### Material for this task:
^^^^^^^^

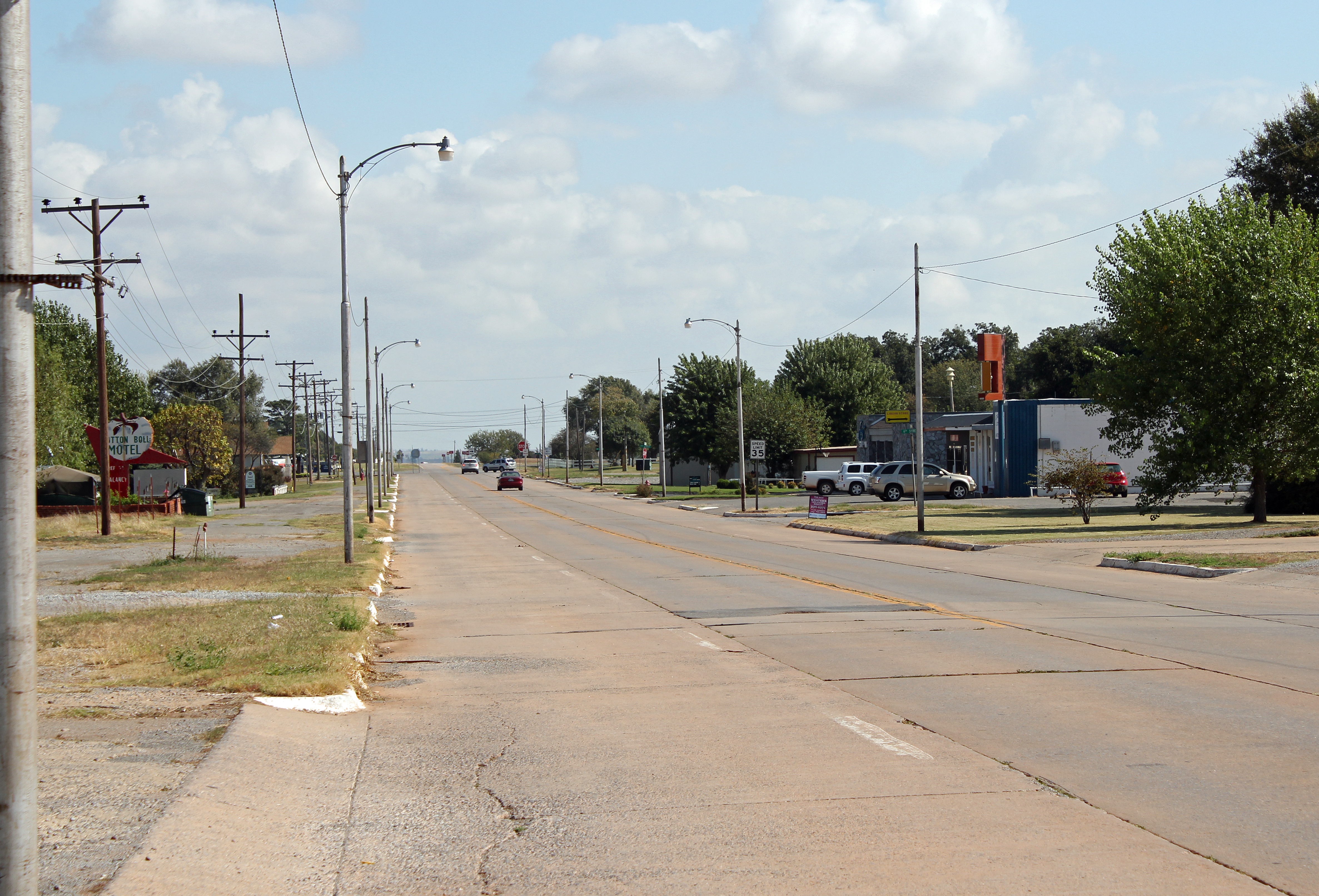 A view of Canute, Oklahoma. The view is to the east on old U.S. Highway 66, near the internction with Main Street.
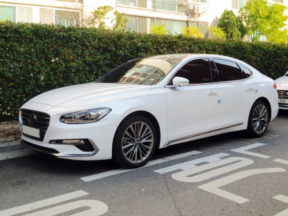 Hyundai Grandeur (IG)
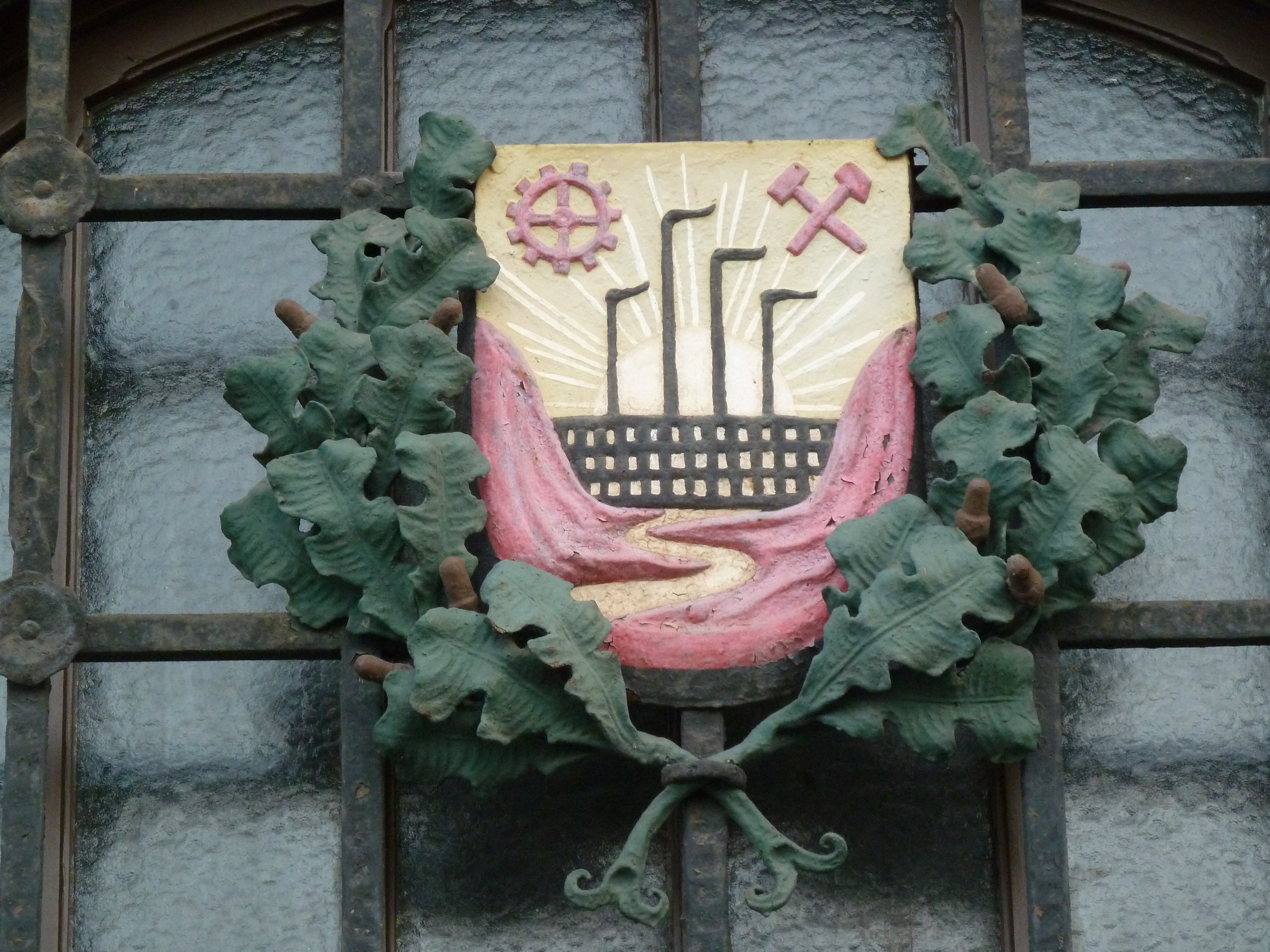 First coat of arms of Freital 1922—1938 on the building of the former school for commerce and trade since 1924; The building is erected according to the Plans of Rudolf Bitzan. It accommodates the local health insurance Office. Dresdener Strasse 205.
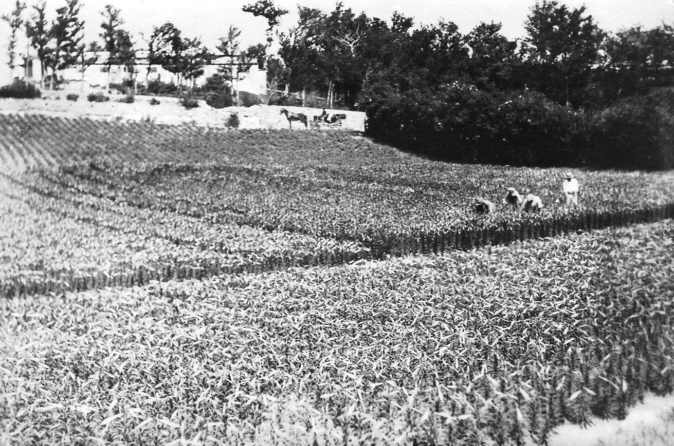 Picture scanned by the contributor. Picture taken by the deceased father of the contributor in 1926 in Bermuda.
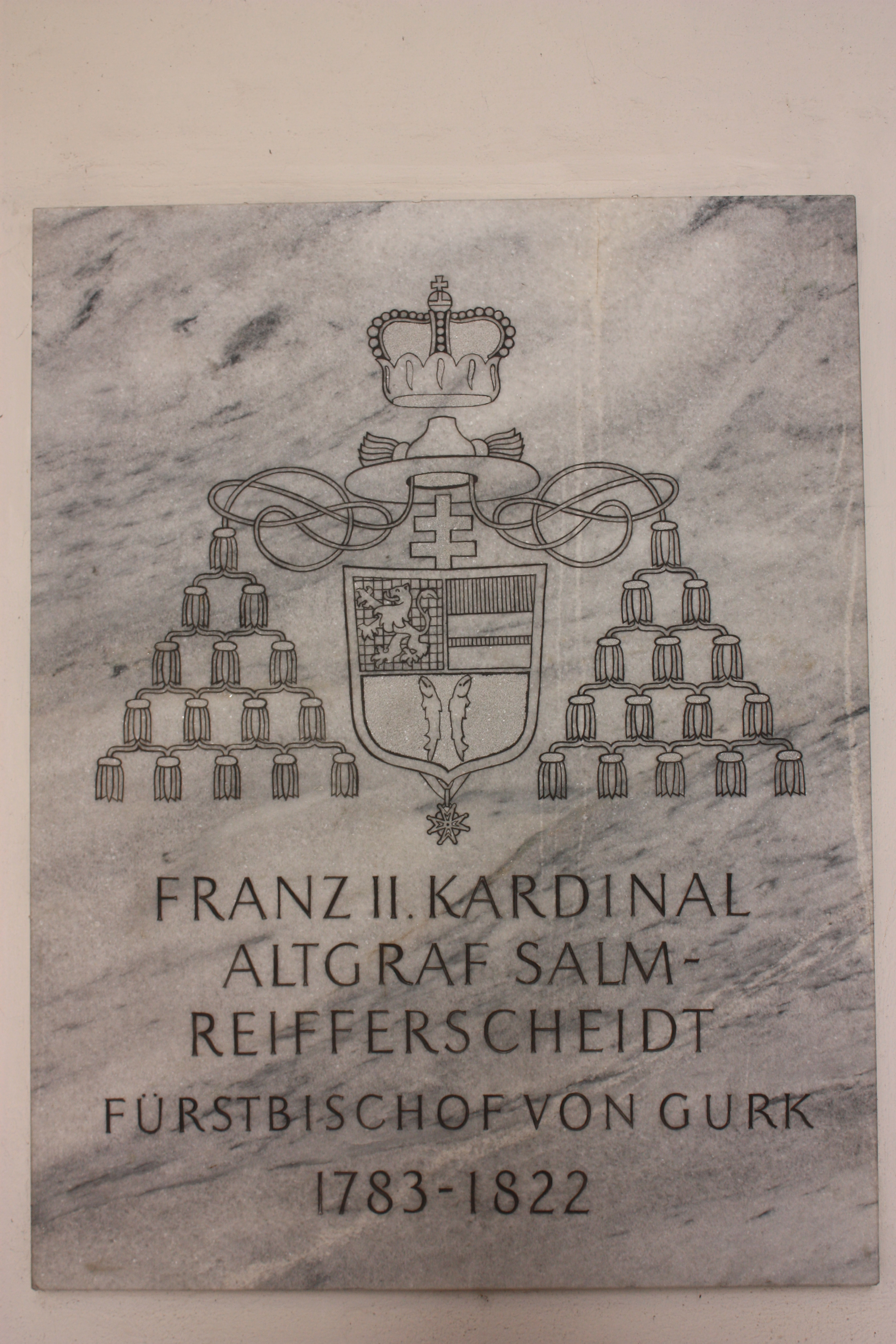 Parish church Saint Niklaus - epitaph of Franz II. Xaver von Salm-Reifferscheidt Locality:Straßburg Community:Straßburg
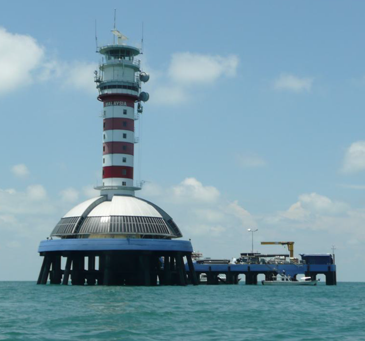 The (new) One Fathom Bank Lighthouse, as seen off the coast of Selangor in the Strait of Malacca, Malaysia. Cropped version of source photograph (NGA:112-21784).
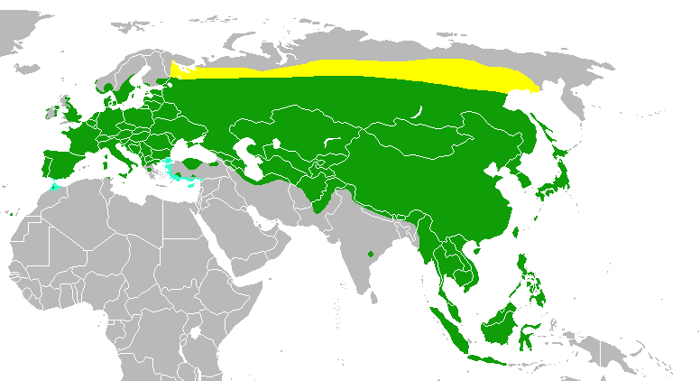 Eurasian range of Passer montanus
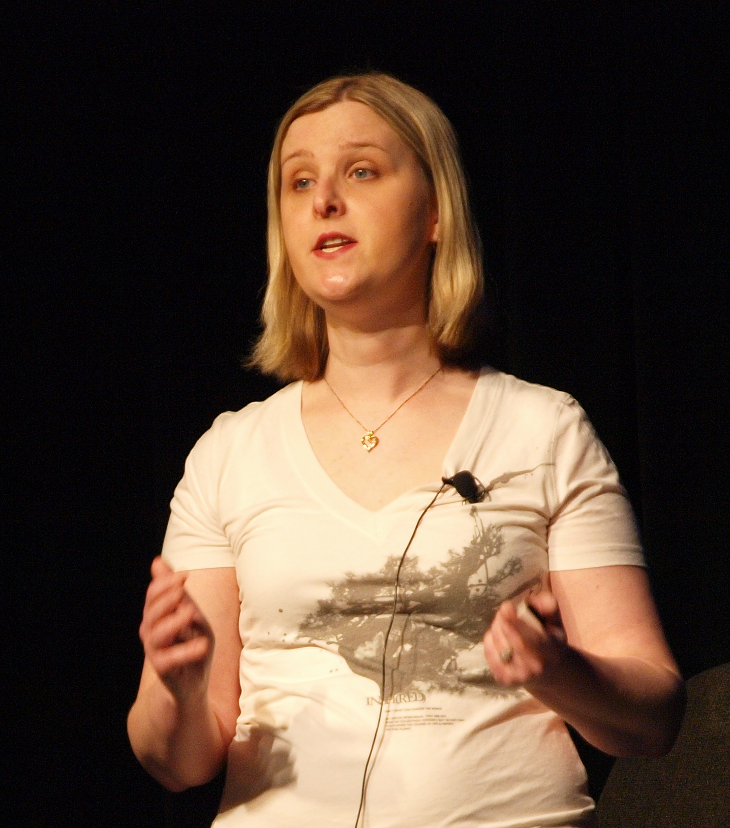 Christina Norman (BioWare at the Game Developers Conference 2010, speaking "Where did my inventory go? Refining gameplay in Mass Effect 2
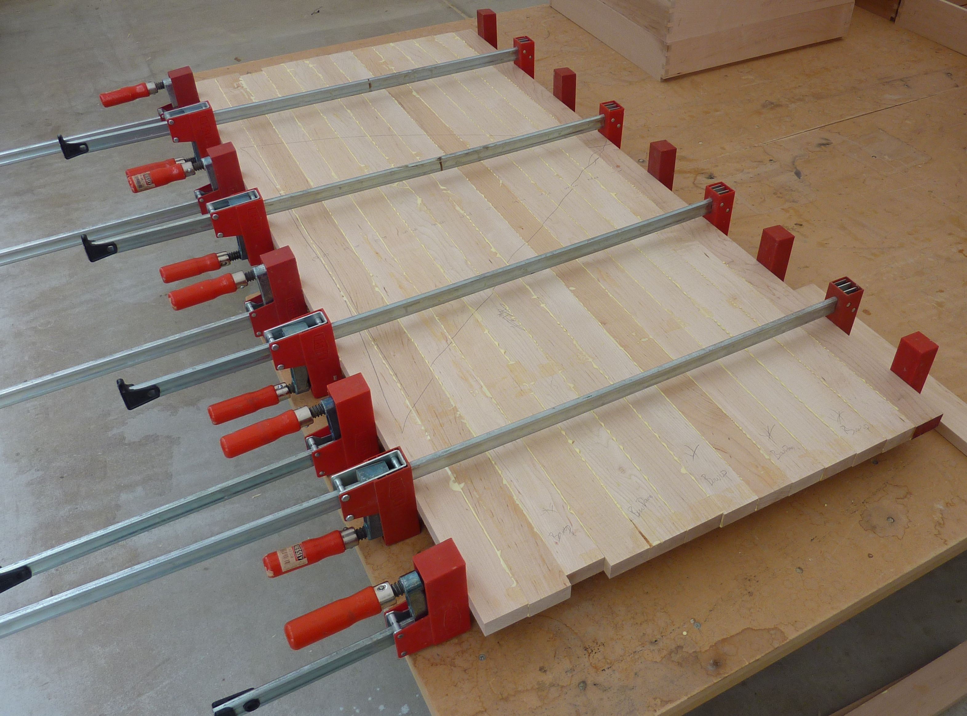 Bar clamps employed in laminating a Maple table top.
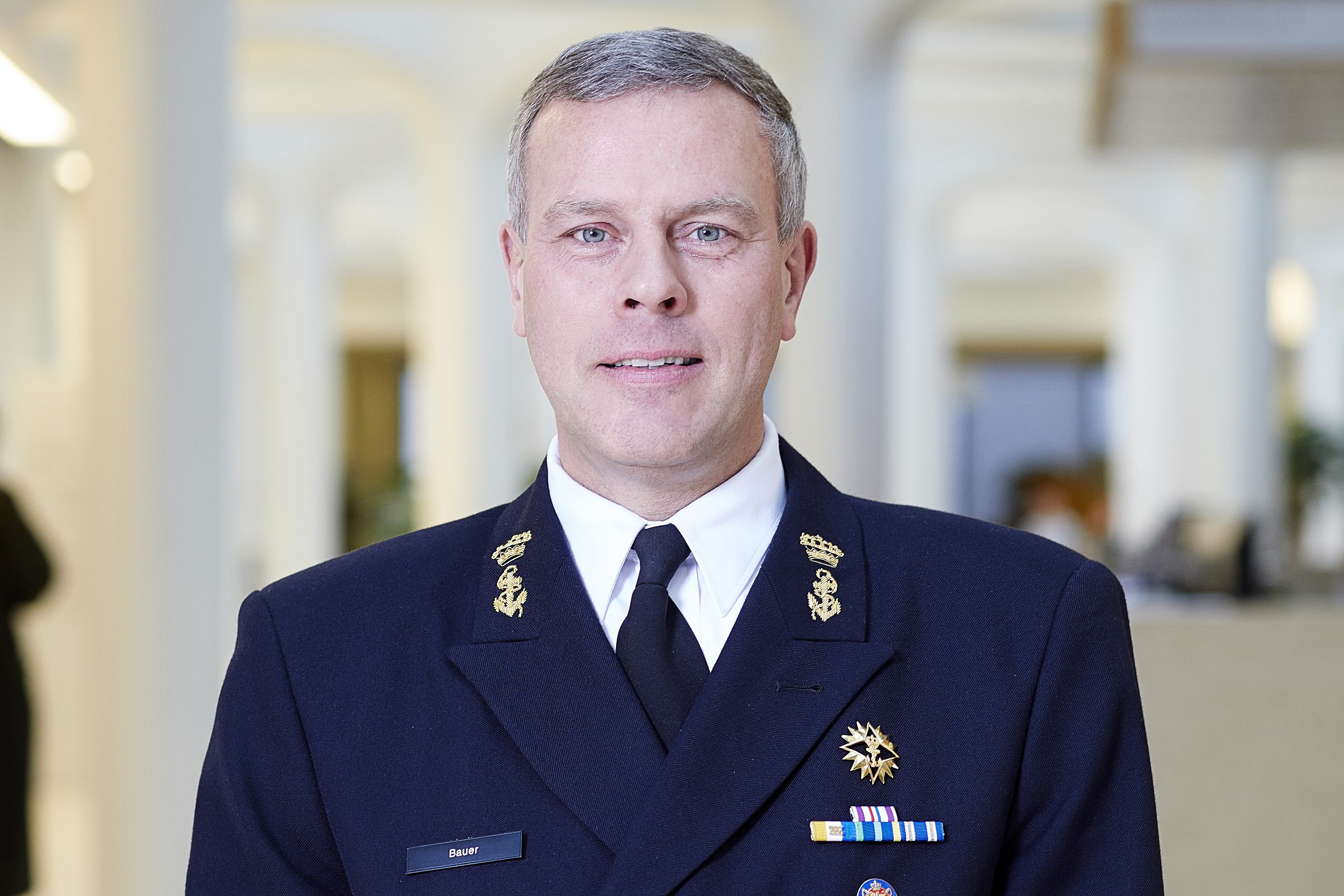 Vice admiral Rob Bauer

^^^^^^^^

### Your instructions:
Starting at the line that holds "First coat of", copy each line exactly through the end of the material above, keeping both ends and dropping the pictures.

### Written answer:
 First coat of arms of Freital 1922—1938 on the building of the former school for commerce and trade since 1924; The building is erected according to the Plans of Rudolf Bitzan. It accommodates the local health insurance Office. Dresdener Strasse 205.
 Picture scanned by the contributor. Picture taken by the deceased father of the contributor in 1926 in Bermuda.
 Parish church Saint Niklaus - epitaph of Franz II. Xaver von Salm-Reifferscheidt Locality:Straßburg Community:Straßburg
 The (new) One Fathom Bank Lighthouse, as seen off the coast of Selangor in the Strait of Malacca, Malaysia. Cropped version of source photograph (NGA:112-21784).
 Eurasian range of Passer montanus
 Christina Norman (BioWare at the Game Developers Conference 2010, speaking "Where did my inventory go? Refining gameplay in Mass Effect 2
 Bar clamps employed in laminating a Maple table top.
 Vice admiral Rob Bauer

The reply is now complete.